# MD golf Seve continuous bounce wedge



## drawboy (Aug 12, 2010)

I have just bought one of these wedges off Ebay for Â£21.00 it's in great nick so a bargain. The wedge is a bit of an ugly brute with a large bulbous flange on the sole which looks a bit weird (although it cannot be seen from the address position) but you soon forgive it and even learn to love it a bit like Quasimodo and Esmeralda.I was having trouble cutting underneath the ball in bunkers, the ball would pop up but with no forward momentum and on several occasions stay in the sand causing much wailing and gnashing of teeth. 
I took the club to a practice bunker on a local muni as our club doesn't have one, it is an unloved affair which resembles the Somme, but hey, its there and free to use so I threw 100 balls into it in various positions and got down to some practice. 92 out of 100 came straight out with spin the 8 that remained in just made it to the lip mainly due to quitting at impact.

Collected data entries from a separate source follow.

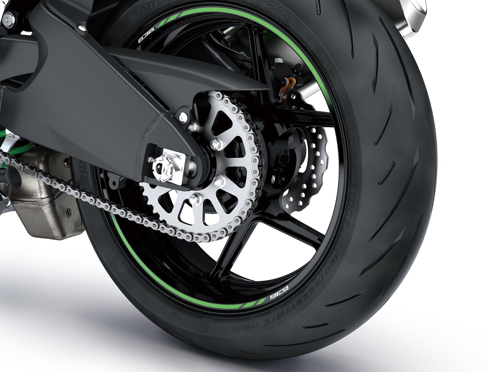 De kracht van de Ninja ZX-6R is toch wel het motorblok. Het vergroten van de cilinderinhoud met 36cc heeft in de 600 klasse heel veel invloed op het vermogen en met name het koppel. Hierdoor is de ZX-6R naast sportief ook goed en comfortabel te gebruiken op de straat.
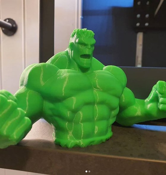 A Hulk model by polyalkemi. It was printed with a 0.6 mm nozzle and 0.3 layer thickness. As is seen from the picture, the surface finish is nice despite the size of the nozzle. The filament used is Smartfil Chlorophyll Green.
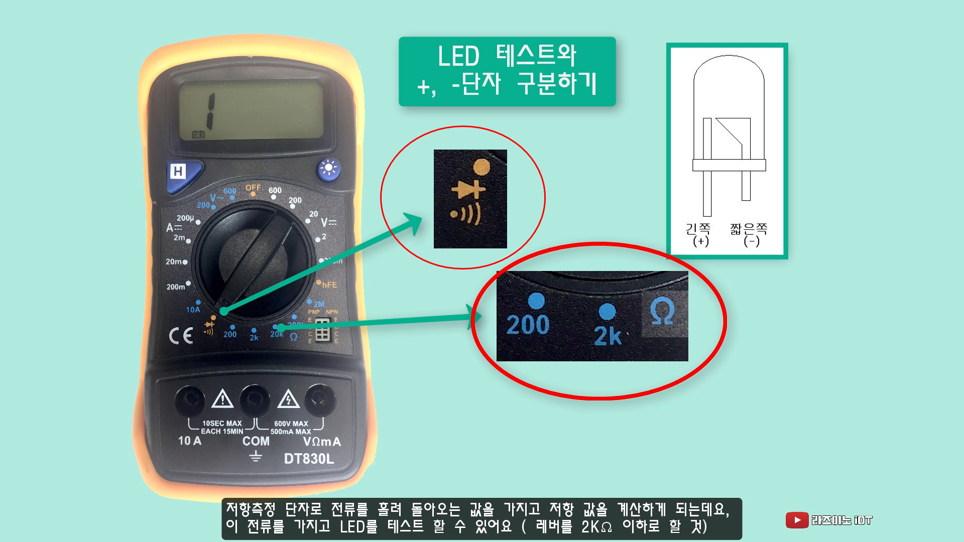 - 저항 측정 단자로 전류를 흘려 돌아오는 값을 가지고 저항 값을 계산하게 되는데요, 이 전류를 가지고 LED를 켜볼 수 있어요, 테스터의 측정 레인지는 다이오드 혹은 소리 표시가 있는 도통 단자로 놓거나, 저항 측정 단자 중 2KΩ 이하 단자로 놓고 측정해 보세요. 2KΩ 이상에서는 내부 건전지에서 흘러나오는 전류값이 너무 작아서 LED를 켤 수 있는 용량이 되지 않기 때문입니다.
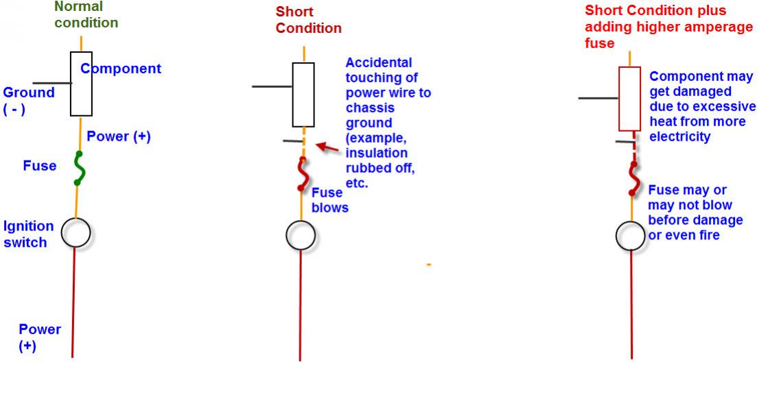 I made an illustration showing possible scenario, etc. The short can also be at a connection, component, etc. and anywhere along the circuit. A short is an accidental connection of a wire to ground or to another wire.
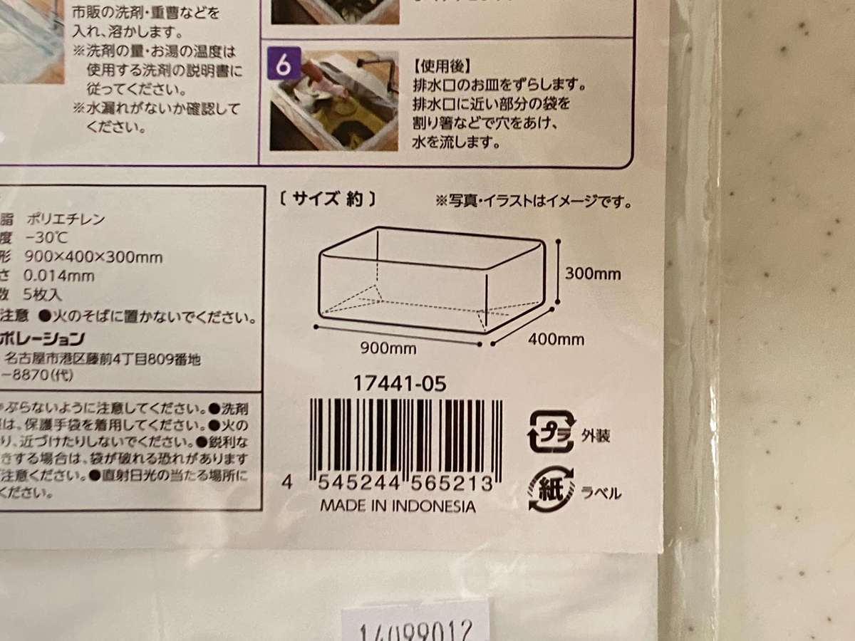サイズはW900×D400×H300mmとかなり大きめです。底マチなので、たっぷりつけ置きできます。

Result. I'll always settle for 92 out of 100 back on the green so I have to say it does it's job really well. Care must be taken from tight lies though as it is easy to blade the ball but out of the rough the sole parts it like the Red sea and again the ball pops out and on its way with ease. If like me you are struggling in the desert get one and try it. I'm sure you will like it.


----------



## drawboy (Sep 1, 2010)

Well after a few weeks of owning this wedge I feel an update is in order.I can now report in all honesty that I have not left one single ball in a bunker since owning this club.I am amazed at the level of spin produced. I recently played Bawtry G&CC in Doncaster and hit 3 bunker shots each one danced to a stop at the side of the hole from varying distances to the gasps of my playing partners, and my utter amazement. I do not get the same level of stopping power on my home greens but as said I have got every bunker shot out and onto the green and up and downed quiet a few. Honestly,if you are not Phil Mickelson you owe it to yourself to demo one of these superb clubs.


----------



## USER1999 (Sep 2, 2010)

I'm glad it works, but boy, is that an ugly sucker.


----------



## Smiffy (Sep 2, 2010)

I can now report in all honesty that I have not left one single ball in a bunker since owning this club.
		
Click to expand...

Nor have I since owning my Ping 56 degree.
I will always pick them up save wasting them


----------